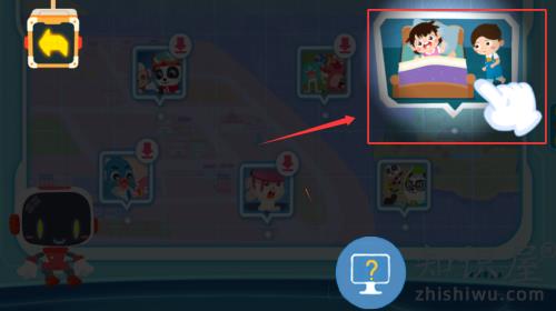 3、在卡片选择界面,根据红框和箭头提示,选择带有床铺图案的卡片进行互动。
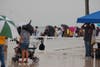 As the clouds formed above and spectators unfurled the umbrellas, it appeared as though the event would be a washout.
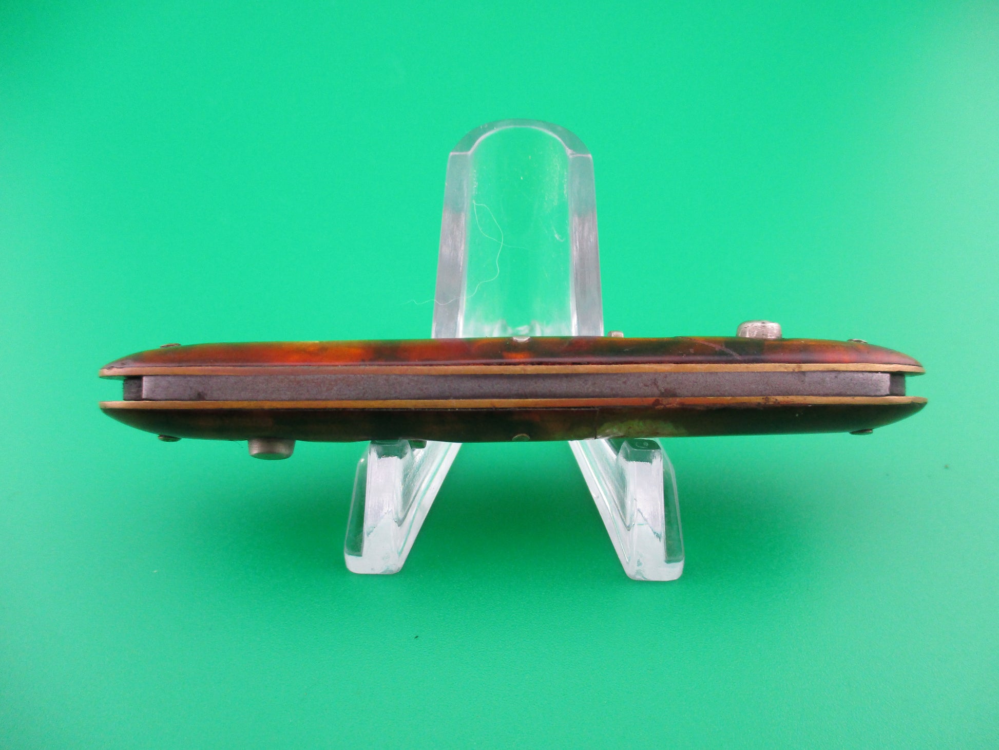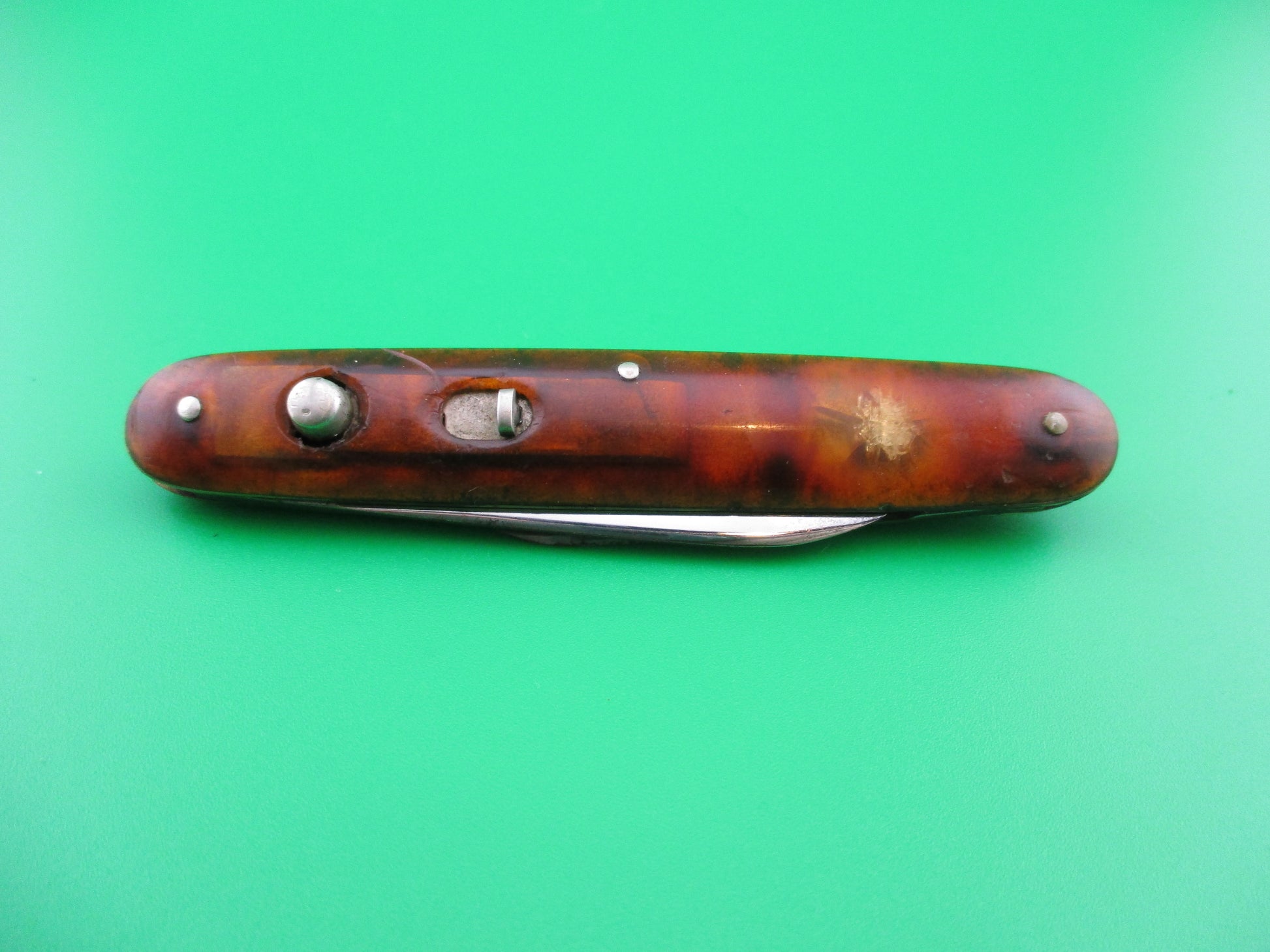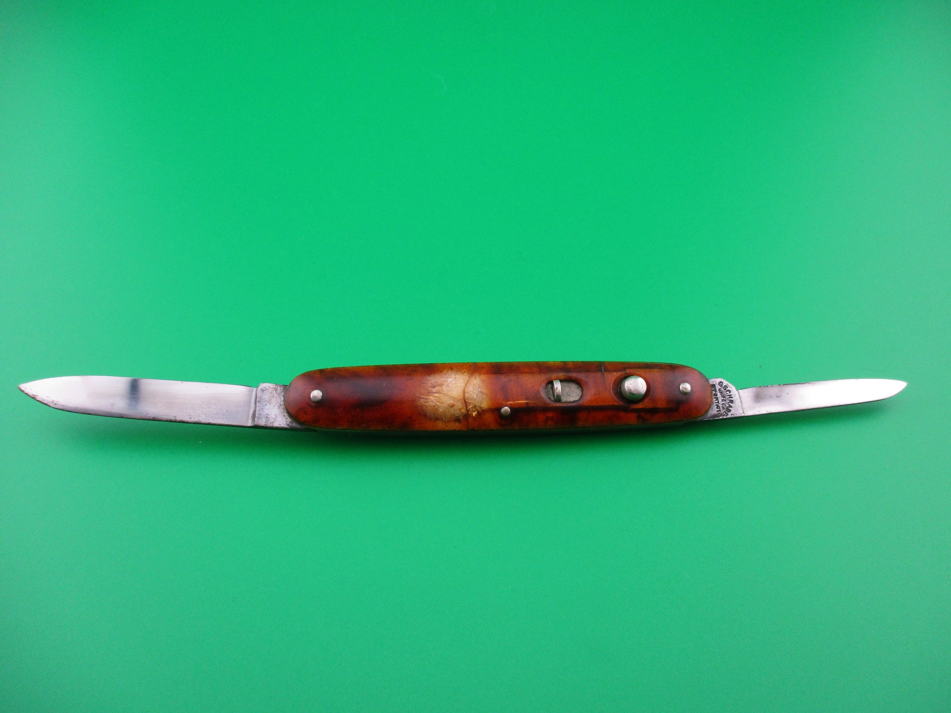 This is a PRESTO double with Tortoise celluloid scales (handles). The knife was made by the Geo Schrade Knife Co of Bridgeport, CT most likely between 1940 and 1956. It's the only size double made by the company and it measures 3 3/8" closed and 7 1/8" open with brass liners. Main blade is stamped PRESTO PAT JAN 30-40 MADE IN USA and the small blade is stamped G SCHRADE in an arch over B'PORT CT. The blades are mostly full and shiny with some of the original factory finish. The tortoise celluloid scales are very attractive, but there is some internal cracking in small spots on both scales and some handling marks. The knife works well with both tips at, or below the liners when closed, Good snap, open fully with no kickback and good lockup with very little movement. Both safeties work. Nice example of a vintage American PRESTO double switchblade.
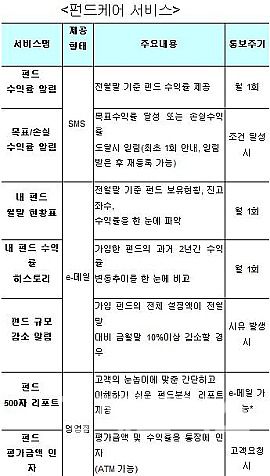 e메일로는 전월말 기준 펀드 보유현황, 잔고좌수, 수익률을 한 눈에 파악하는 '내 펀드 월말 현황표', 가입한 펀드의 과거 2년간 수익률 변동추이를 보여주는 '내 펀드 수익률 히스토리', 가입한 펀드의 전체 설정액이 전월말 대비 금월말 10%이상 감소할 경우 이를 안내하는 '펀드 규모 감소 알림', 을 보내준다.
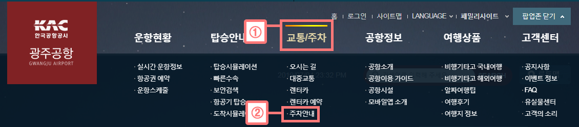 ▲ 광주공항 주차요금의 예상요금을 확인하려면 메뉴바의 [교통/주차] - [주차안내] 를 차례대로 눌러서 접속한다.
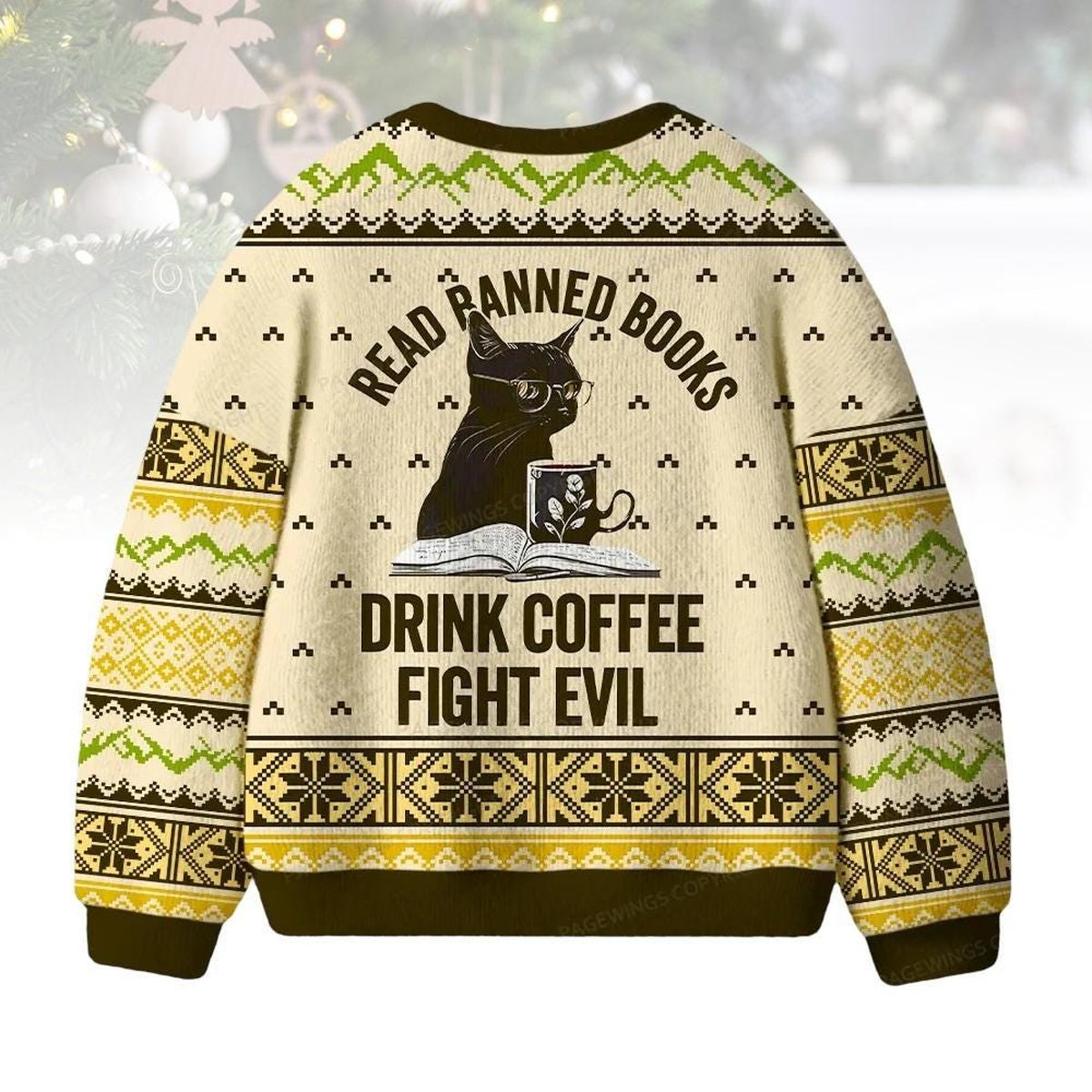 Coffee Cat Christmas Beige Ugly Sweater Read Banned Books Fight Evil Holiday Knit Jumper
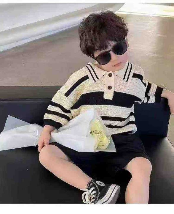童装短袖韩版条纹POLO领针织衫,数量:119件,码数:120-130-140-150-160-1...
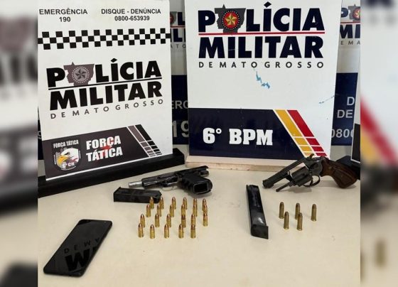 Divulgação/POWER MIX Paulo Eduardo/Power Mix Cáceres/MT Policiais militares do 6º Batalhão prenderam um homem de 20 anos e apreenderam um…
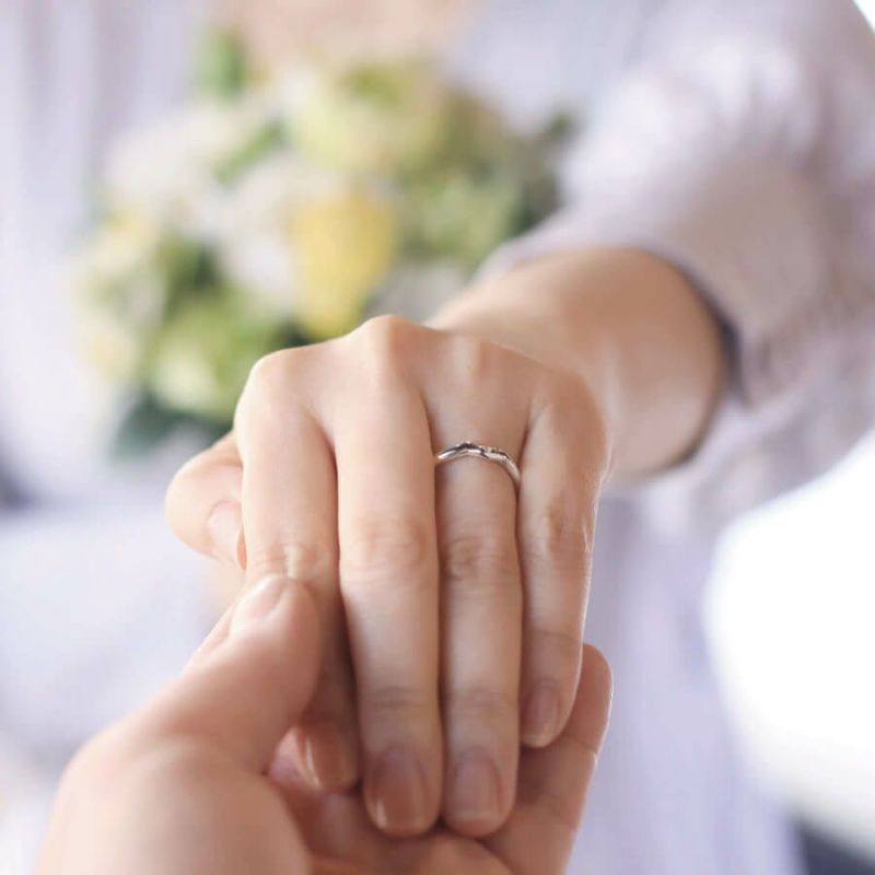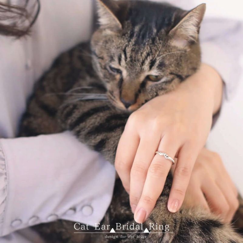 手元に愛猫がいるかのような温かみのあるねこ耳をモチーフにしたデザインはCattonオリジナルです。 指先を華奢に見せる効果をもつウェーブラインがよく見ると『ねこっ!』 ねこが大好きなお二人にとって特別感のあるブライダルリングにしました。 女性用のデザインにはダイヤモンドを2石留めます。滑らかなエッジに仕上げたので指あたりも良く、日常に馴染みます。 猫が大好きなお二人は、いつも猫も一緒にいることができる、家族のしるしです。 地金カラーの変更対応できます。(イエローゴールド/ピンクゴールドに変更可能)
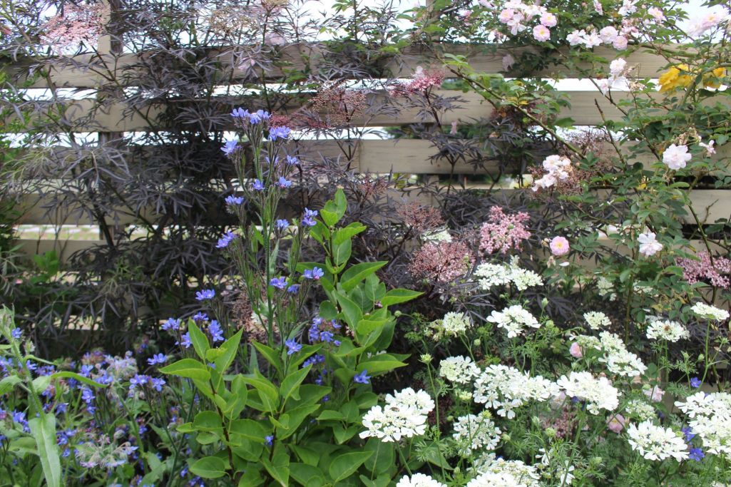 白いオルレア、 青いアンチューサ 銅葉にピンクの花はニワトコがコラボする庭
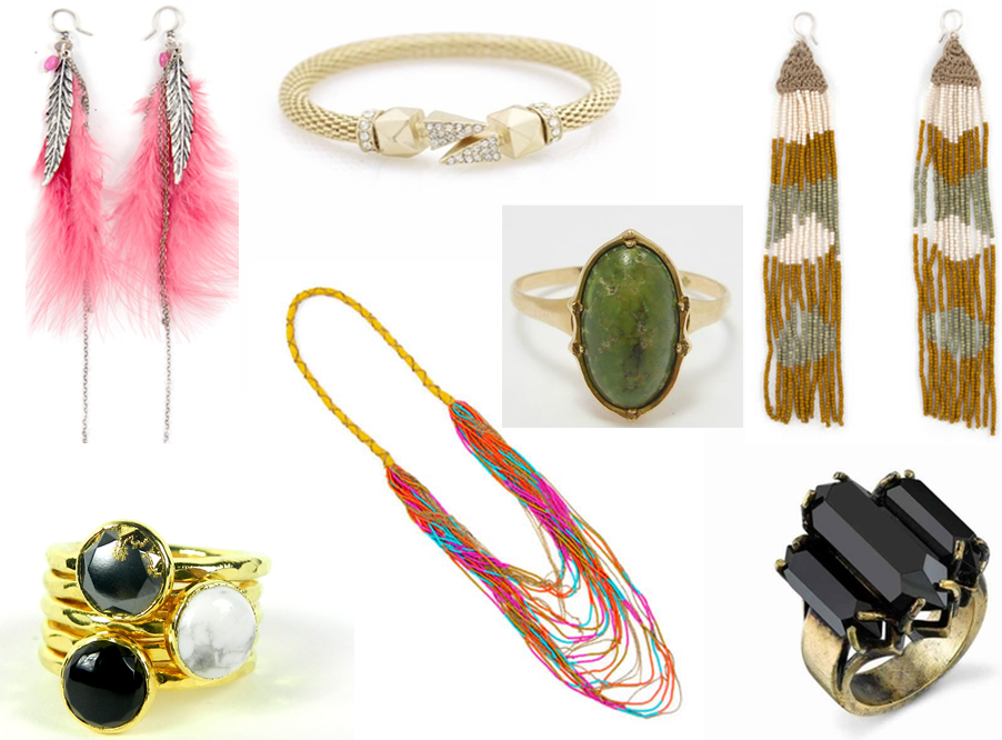 *feather earrings, neon necklace and bead earrings- bloboho

→ THE TASK:
Print all data above verbatim, except pictures.

→ SOLUTION FOR THIS EXERCISE:
 3、在卡片选择界面,根据红框和箭头提示,选择带有床铺图案的卡片进行互动。
 As the clouds formed above and spectators unfurled the umbrellas, it appeared as though the event would be a washout.
 This is a PRESTO double with Tortoise celluloid scales (handles). The knife was made by the Geo Schrade Knife Co of Bridgeport, CT most likely between 1940 and 1956. It's the only size double made by the company and it measures 3 3/8" closed and 7 1/8" open with brass liners. Main blade is stamped PRESTO PAT JAN 30-40 MADE IN USA and the small blade is stamped G SCHRADE in an arch over B'PORT CT. The blades are mostly full and shiny with some of the original factory finish. The tortoise celluloid scales are very attractive, but there is some internal cracking in small spots on both scales and some handling marks. The knife works well with both tips at, or below the liners when closed, Good snap, open fully with no kickback and good lockup with very little movement. Both safeties work. Nice example of a vintage American PRESTO double switchblade.
 e메일로는 전월말 기준 펀드 보유현황, 잔고좌수, 수익률을 한 눈에 파악하는 '내 펀드 월말 현황표', 가입한 펀드의 과거 2년간 수익률 변동추이를 보여주는 '내 펀드 수익률 히스토리', 가입한 펀드의 전체 설정액이 전월말 대비 금월말 10%이상 감소할 경우 이를 안내하는 '펀드 규모 감소 알림', 을 보내준다.
 ▲ 광주공항 주차요금의 예상요금을 확인하려면 메뉴바의 [교통/주차] - [주차안내] 를 차례대로 눌러서 접속한다.
 Coffee Cat Christmas Beige Ugly Sweater Read Banned Books Fight Evil Holiday Knit Jumper
童装短袖韩版条纹POLO领针织衫,数量:119件,码数:120-130-140-150-160-1...
 Divulgação/POWER MIX Paulo Eduardo/Power Mix Cáceres/MT Policiais militares do 6º Batalhão prenderam um homem de 20 anos e apreenderam um…
 手元に愛猫がいるかのような温かみのあるねこ耳をモチーフにしたデザインはCattonオリジナルです。 指先を華奢に見せる効果をもつウェーブラインがよく見ると『ねこっ!』 ねこが大好きなお二人にとって特別感のあるブライダルリングにしました。 女性用のデザインにはダイヤモンドを2石留めます。滑らかなエッジに仕上げたので指あたりも良く、日常に馴染みます。 猫が大好きなお二人は、いつも猫も一緒にいることができる、家族のしるしです。 地金カラーの変更対応できます。(イエローゴールド/ピンクゴールドに変更可能)
 白いオルレア、 青いアンチューサ 銅葉にピンクの花はニワトコがコラボする庭
 *feather earrings, neon necklace and bead earrings- bloboho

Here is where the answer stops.